Amorphization versus cocrystallization of celecoxib-tramadol hydrochloride using CO2-assisted nano-spray drying

The manipulation of both solid-state form and particle size is a versatile means by which physicochemical properties of pharmaceutical drugs may be improved/fine-tuned. The work presented herein describes the solid-state and particle size control of the most recently FDA-approved pharmaceutical cocrystal, composed of two APIs, Celecoxib-Tramadol hydrochloride (Seglentis®), using a continuous atomization technique, namely supercritical CO2-assisted nano-spray drying. Using a three-factorial design of experiments, both (co)amorphous and cocrystalline samples were generated, depending on processing conditions. Mean particle sizes ranged from 120 nm to 1160 nm, with solution flow rate showing the most significant effect due to its impact on atomized droplet sizes.
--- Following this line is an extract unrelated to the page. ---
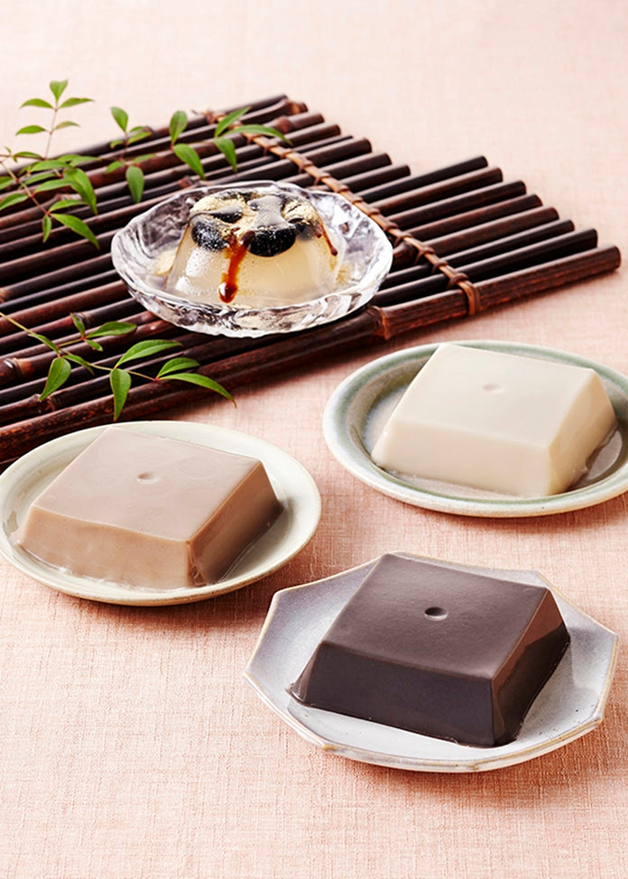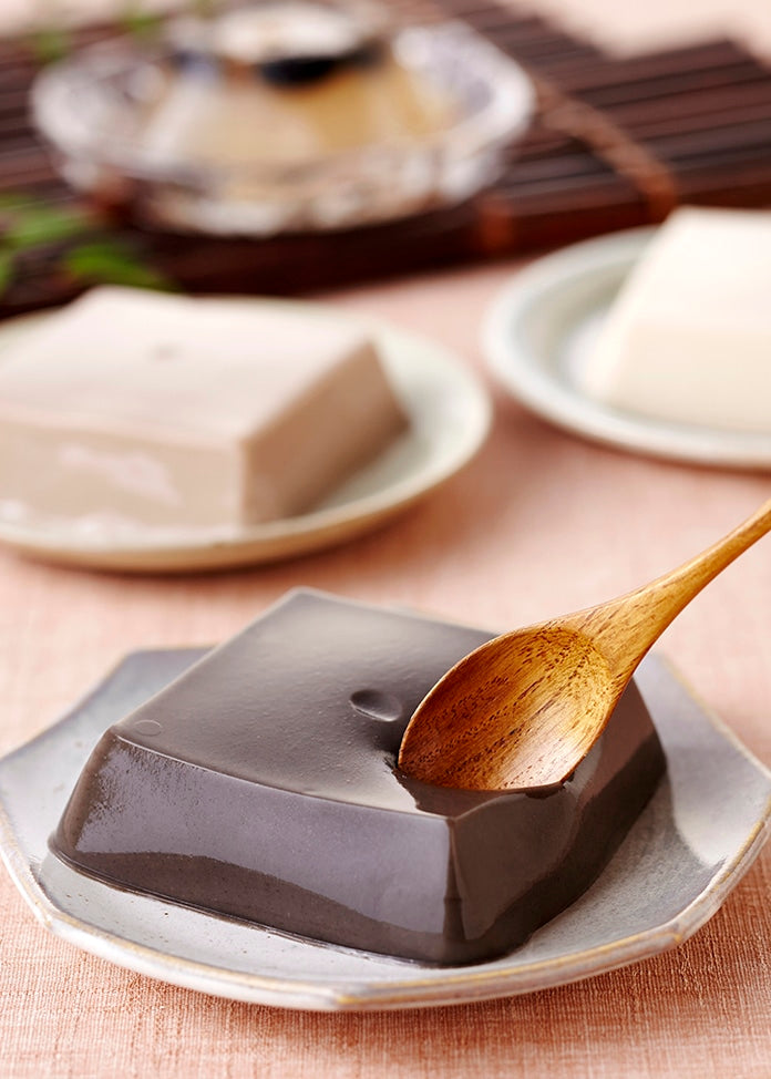 芝麻豆腐加芥末和醬油。也可以作為一碗米飯,作為Chawanmushi(蒸蛋羹)的配料,或作為油炸豆腐。
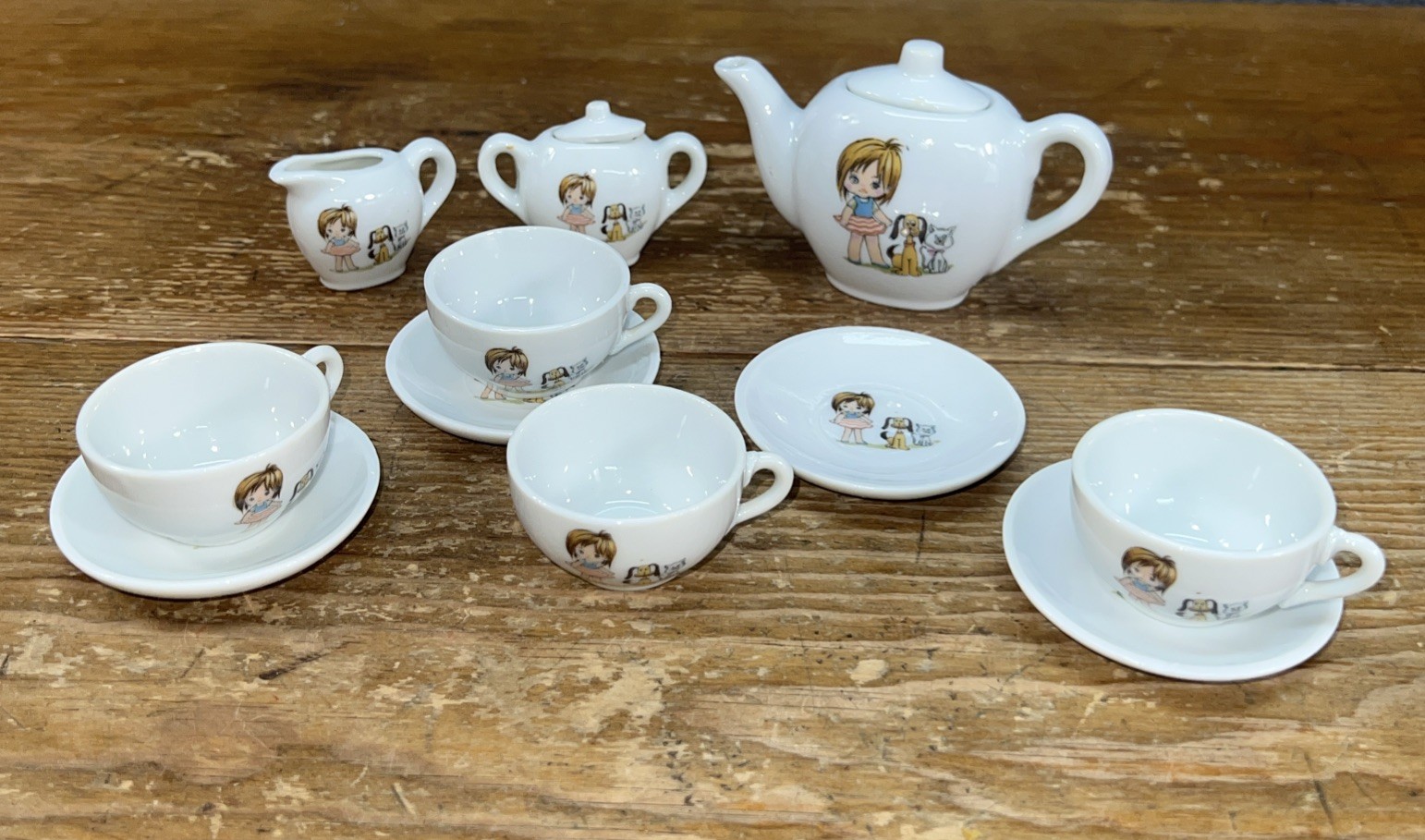 как выглядит Vtg 11 Piece Miniature Childs Porcelain Tea Set Japan Mid Century Girl Dog Cat фото

While all (co)amorphous samples displayed a similar morphology, one set of conditions produced a (co)amorphous sample with a larger degree of intermolecular interactions, comparable with the hydrogen bonding network observed in the cocrystalline samples. Tabletting of four formulations was carried out to investigate the impact of particle size and solid-state on tabletability, compactability and compressibility. While all formulations performed adequately in these critical quality attributes, the formulations which contained cocrystalline particles underperformed regarding tabletability and compactability due to their irregular shape and larger size. However, due to the increased prevalence of intermolecular interactions, the cocrystalline and (co)amorphous samples with a larger degree of hydrogen bonding led to improved compressibility.